The aim of the present study was to evaluate symptomatic reflux esophagitis (RE) in proton pump inhibitor (PPI) users. The present study conducted a hospital‑based, retrospective cross‑sectional study of consecutive RE cases in PPI users at Juntendo University Hospital recruited between 2008 and 2016. Eligible patients were PPI users with a complete patient profile, who completed the Frequency Scale for the Symptoms of Gastroesophageal Reflux Disease (FSSG) questionnaire, and who underwent upper gastrointestinal endoscopy for the examination of RE, hiatal hernia (HH) and endoscopic gastric mucosal atrophy (EGA). The patients with RE who were administered PPIs were divided into two groups: Those with symptomatic RE (FSSG≥8) and those with non‑symptomatic RE (FSSG<8). The present study investigated the risk factors for symptomatic RE among the patients with RE patients who were administered PPIs. Of the 13,052 cases who underwent patient profiling, the FSSG questionnaire and upper gastrointestinal endoscopy, a total of 2,444 PPI users were eligible. Of the PPI users, 206 cases (8.4%) had RE. Among the 206 patients with RE, 115 (55.8%) had symptomatic RE. The profile of the symptomatic and non‑symptomatic RE groups were as follows: A total of 45 females (39.1%) vs. 32 females (35.2%; non‑significant); mean ± standard deviation age, 54.8±13.5 vs. 62.9±11.1 years (P<0.01); mean body mass index, 23.5±3.3 vs. 23.2±3.8 (non‑significant); severe RE, 12 (10.4%) vs. 2 (2.2%; P<0.05); HH, 70 (60.9%) vs. 40 (44.0%; P<0.05); and mean score of EGA, 1.2±1.8 vs. 1.8±2.1 (P<0.05). Multivariate analysis revealed that a younger age [odds ratio (OR)=0.94; 95% confidence interval (CI): 0.92‑0.97, P<0.01] and HH(+) (OR=2.37; 95% CI: 1.30‑4.34, P<0.01) were associated with symptomatic RE among patients with RE who were administered PPIs. In conclusion, a younger age and HH were associated with symptomatic RE in patients with RE who were administered PPIs.

Introduction

In the background of the westernization of eating habits and decrease in the infection rate for Helicobacter pylori (H. pylori) (1), gastric acid secretion in the Japanese population has increased in previous years (2) and the number of patients diagnosed with gastro-esophageal reflux disease (GERD) in Japan has increased annually (3).

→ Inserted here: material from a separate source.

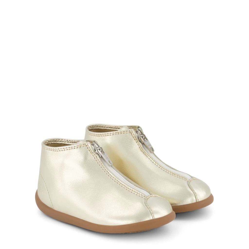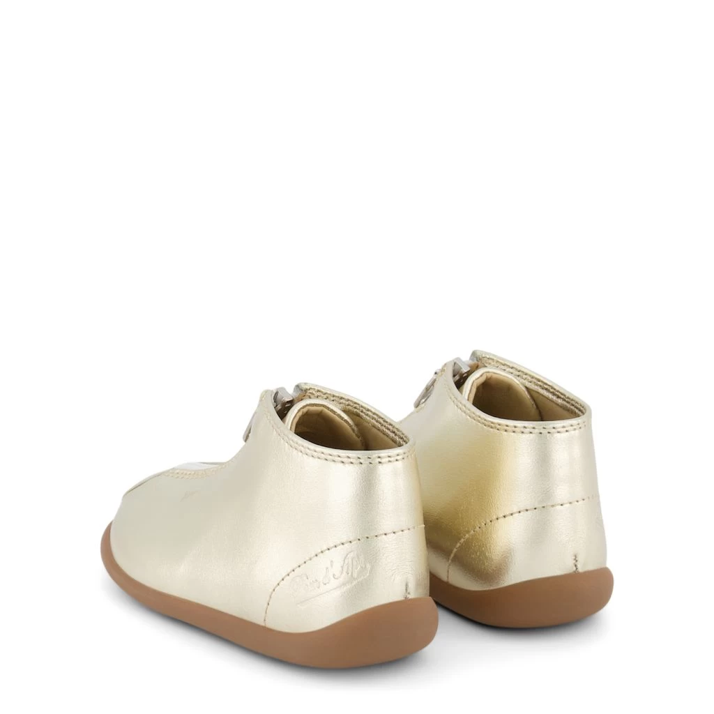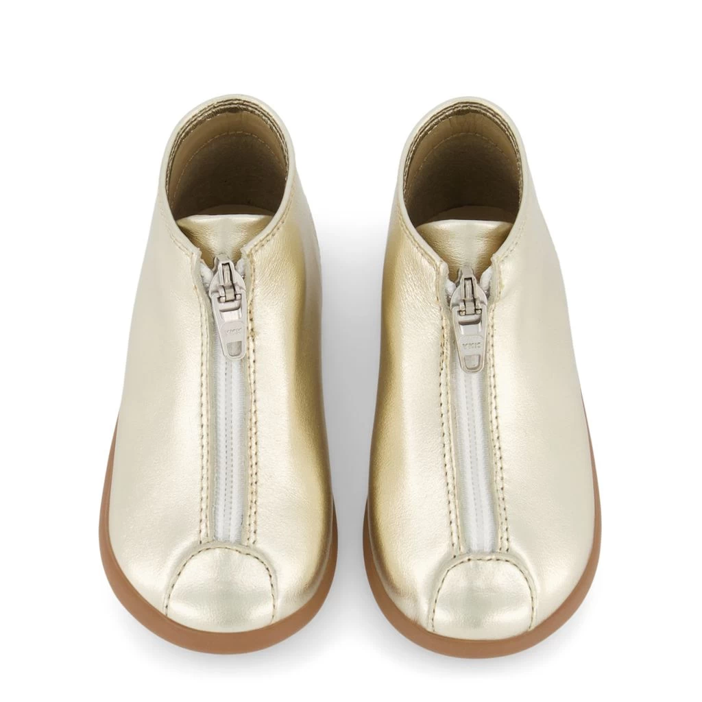 Gold Home Zip shoes by Pom d’Api. The shoes have a leather upper.

Proton pump inhibitors (PPIs), which profoundly suppress acid secretion, are used to treat gastric acid-associated diseases globally (4). Numerous previous studies have demonstrated that PPI therapy is superior to histamine-2 receptor antagonist therapy in the inhibition of gastric acid secretion (5,6); therefore, in Japanese GERD treatment guidelines, a PPI is considered to be the first-line drug to use for GERD therapy (7). However, it has been reported that there are patients with reflux esophagitis (RE) who are resistant to PPI treatment (8). Few reports have investigated patients who have symptomatic RE despite PPI use. Japanese GERD guidelines also report that self-administered questionnaires including the Frequency Scale for the Symptoms of Gastroesophageal Reflux Disease (FSSG) questionnaire are useful for the diagnosis and evaluation of the therapeutic efficacy of PPIs in patients with GERD (9).

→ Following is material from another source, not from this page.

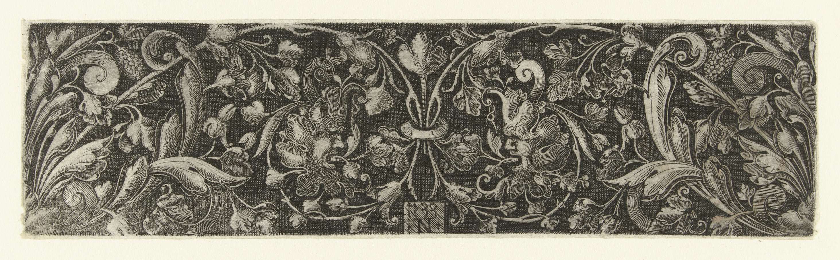 Fries. De voluten komen vanuit de hoeken linksonder en rechtsonder en worden in het midden door een ring bijeen gehouden. Gearceerde achtergrond.

The aim of the present study was to evaluate the risk factors for symptomatic RE among patients with RE who were administered PPIs by using the FSSG questionnaire.

Materials and methods

Study design

The present study conducted a hospital-based, retrospective cross-sectional study of consecutive PPI users [n=206; aged ≥20 years, mean age 58.4±13.1 years (20-87 years); male:female 129:77] who were diagnosed with RE in the Department of Gastroenterology, School of Medicine, University of Juntendo Department of Gastroenterology at Juntendo University Hospital between April 2008 and August 2016. The following patients who were administered PPI treatment were eligible for the present study: Patients for whom a complete patient profile was obtained [age, sex and body mass index (BMI)]; patients who completed the FSSG questionnaire (9); and patients who underwent upper gastrointestinal endoscopy and were examined for RE, hiatal hernia (HH) and endoscopic gastric mucosal atrophy (EGA). The collection of patient profile data, FSSG questionnaire and upper gastrointestinal endoscopy were performed at the same time. In terms of exclusion criteria, amongst all patients in this department for whom a patient profile, FSSG questionnaire and upper gastrointestinal endoscopy were completed, cases who did not use PPI were excluded. Then, patients with the following were excluded: Patients who had undergone gastrectomy, patients with peptic ulcer disease, patients with gastric or esophageal malignant disease and patients who use non-steroidal anti-inflammatory drugs (NSAIDs) or low-dose aspirin. Furthermore, among the PPI users, patients who did not have RE were excluded. The patients with RE among the PPI users were divided into two groups according to their FFSG score: The symptomatic RE group had a FSSG score ≥8 and the non-symptomatic RE group had a FSSG score <8. The present study evaluated the proportion of patients with RE who had symptomatic RE despite using PPIs. The patient profiles and results of the upper gastrointestinal endoscopy between the symptomatic RE and non-symptomatic RE groups were compared using bivariate analysis. Additionally, risk factors for symptomatic RE among patients with RE who were administered PPIs were investigated using multivariate logistic regression analysis.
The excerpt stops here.